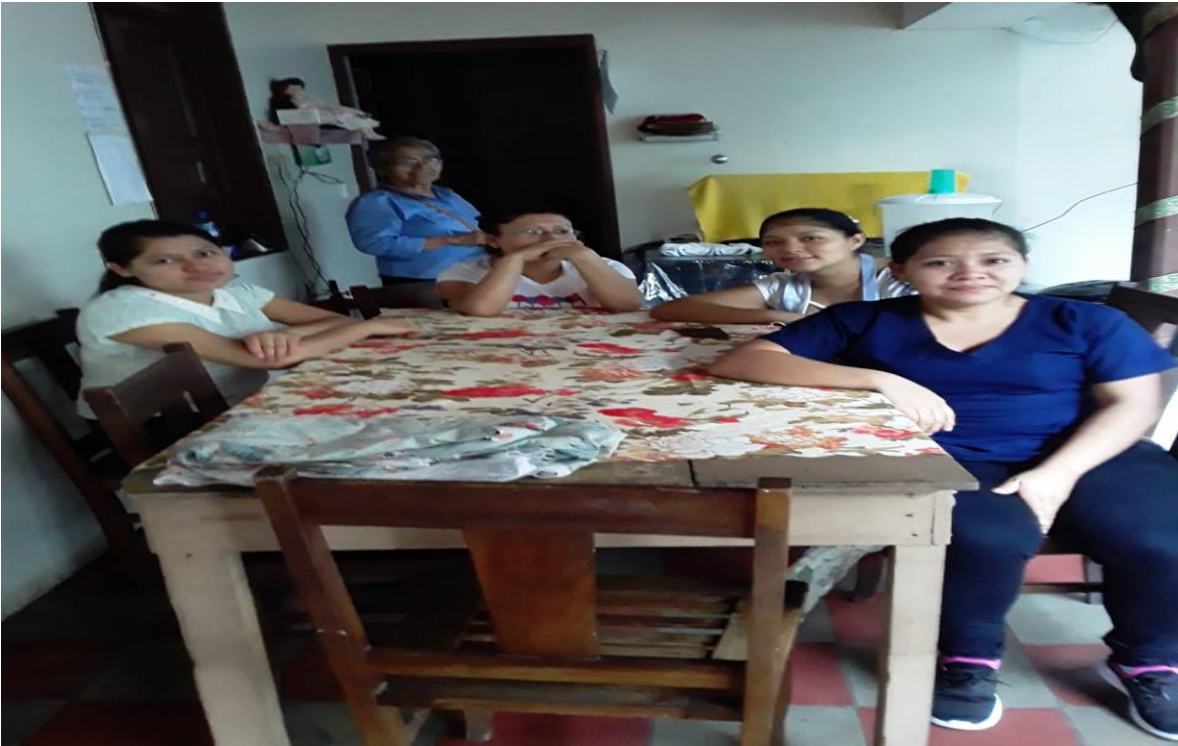
Personal que labora en el Hogar de Ancianas San Vicente de Paúl.
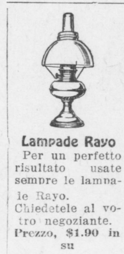
Lampade Rayo Per un perfetto risultato usate sempre le lampade Rayo. Chiedetele al vostro negoziante. Prezzo, $1.90 in su
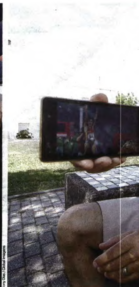
Tony Dias / Global Images
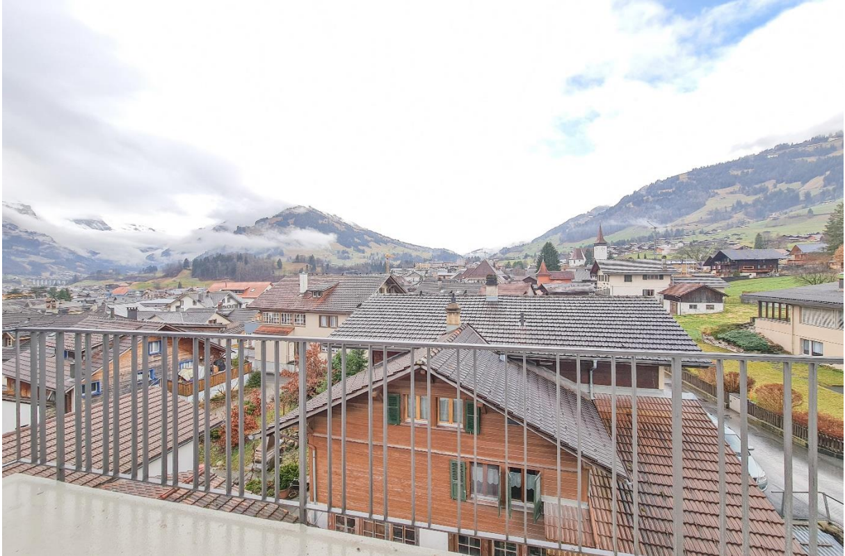
Der Balkon mit freier Aussicht über Frutigen
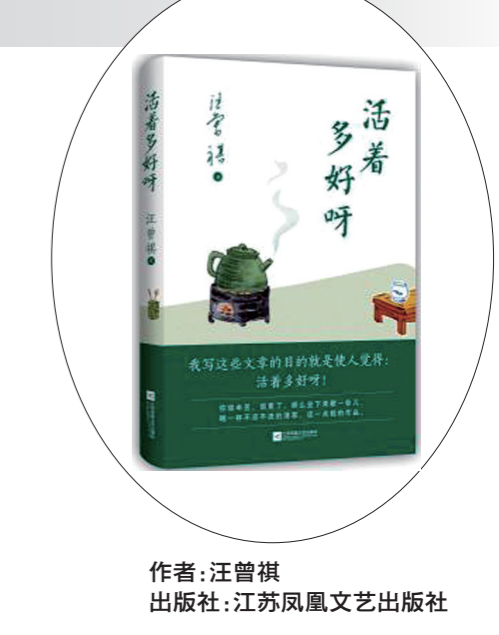
作者：汪曾祺 出版社：江苏凤凰文艺出版社
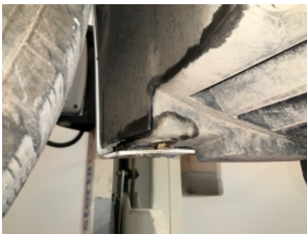
28. Vindusvisker, spylar (foran/bak)
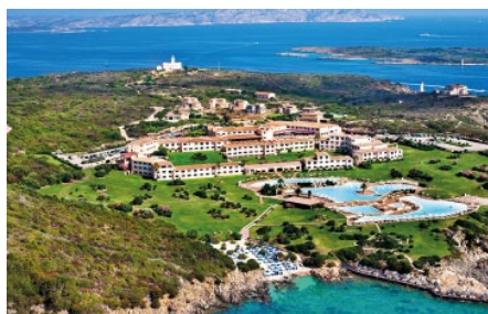
Colonna Resort Cala Granu *****

Santa Margherita di Pula – ab 14.05.2022 Deluxe Bungalow Halbpension ab CHF 2.434.–
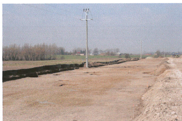
Fot. 5. Dąbrówka stan. 14, gm. Kowal. Stanowisko archeologiczne po zakończeniu badań. Widok od strony wschodniej.
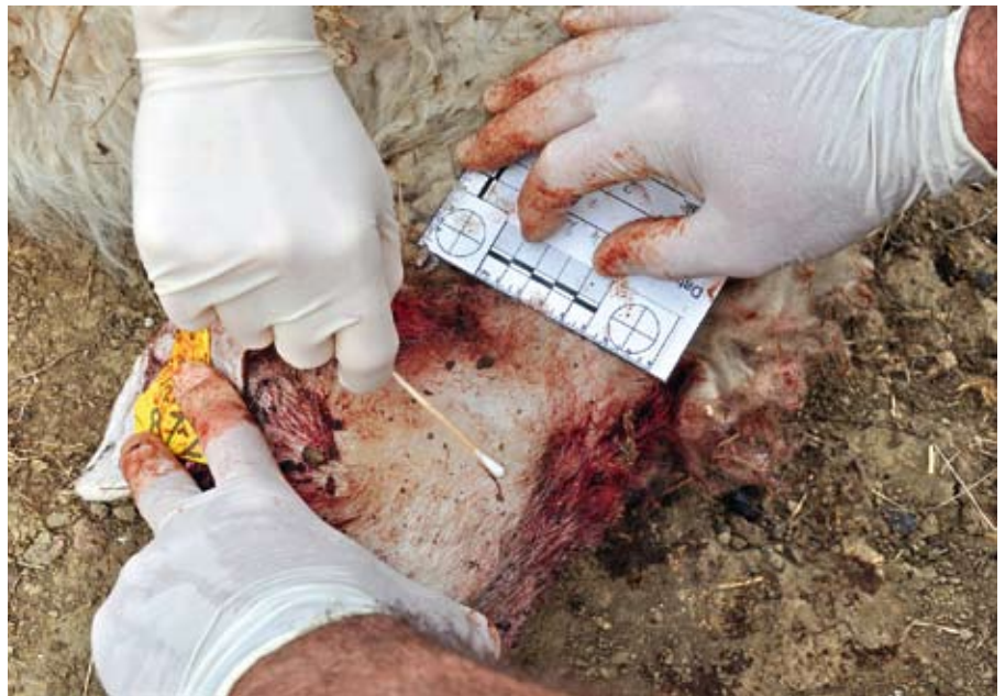
Slika 1: Odvzemanje vzorca sline okrog ugrizne rane na ovci, ki jo je pokončal volk. Vzorce sline bomo jemali na škodnih primerih, ki jih povzročajo volkovi. Tak vzorec nam priskrbi celotni genotip volka, ki je povzročil škodo.

Z molekularno-genetskimi metodami proučujemo DNK, osnovno molekulo življenja, ki pri vsakem živem bitju nosi celoten zapis, potreben za njegov nastanek. Temeljne laboratorijske metode so zato enake, bodisi da proučujemo volka
+++
## ACTION ITEM
Leaving each picture behind, please give again exactly the lines above from the one with "Der Balkon mit freier Aussicht über Frutigen" through the one with "Fot. 5. Dąbrówka", both included, and no others.

## SOLUTION FOR THIS EXERCISE
Der Balkon mit freier Aussicht über Frutigen
作者：汪曾祺 出版社：江苏凤凰文艺出版社
28. Vindusvisker, spylar (foran/bak)
Colonna Resort Cala Granu *****

Santa Margherita di Pula – ab 14.05.2022 Deluxe Bungalow Halbpension ab CHF 2.434.–
Fot. 5. Dąbrówka stan. 14, gm. Kowal. Stanowisko archeologiczne po zakończeniu badań. Widok od strony wschodniej.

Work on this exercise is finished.